Begin your copy at the line that holds "Ukras za uho" and carry it through the final line of the data, writing out each line exactly and omitting pictures.

Data provided:
********

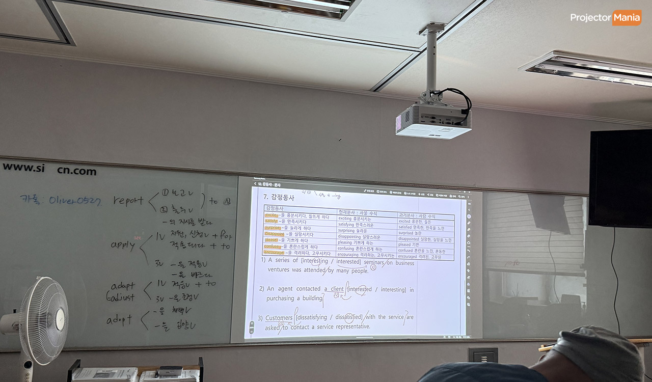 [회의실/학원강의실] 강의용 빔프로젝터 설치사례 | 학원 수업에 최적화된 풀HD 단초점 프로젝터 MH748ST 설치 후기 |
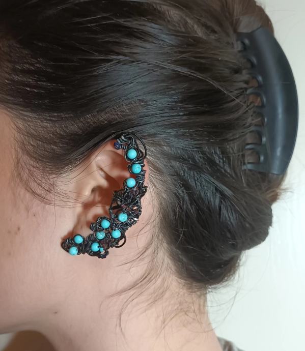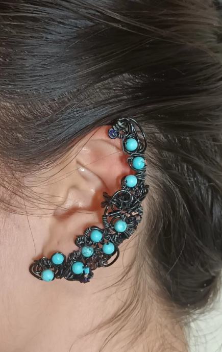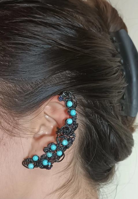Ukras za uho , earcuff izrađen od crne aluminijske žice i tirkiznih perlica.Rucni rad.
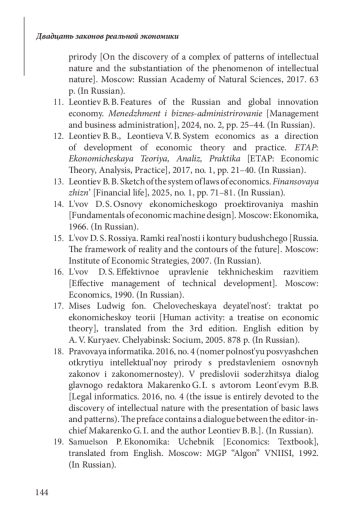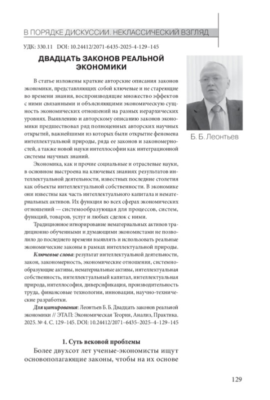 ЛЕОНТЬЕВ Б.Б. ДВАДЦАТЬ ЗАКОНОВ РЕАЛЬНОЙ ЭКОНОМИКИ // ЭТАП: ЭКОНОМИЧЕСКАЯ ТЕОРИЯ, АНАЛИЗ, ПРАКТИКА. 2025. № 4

********

Written answer:
Ukras za uho , earcuff izrađen od crne aluminijske žice i tirkiznih perlica.Rucni rad.
 ЛЕОНТЬЕВ Б.Б. ДВАДЦАТЬ ЗАКОНОВ РЕАЛЬНОЙ ЭКОНОМИКИ // ЭТАП: ЭКОНОМИЧЕСКАЯ ТЕОРИЯ, АНАЛИЗ, ПРАКТИКА. 2025. № 4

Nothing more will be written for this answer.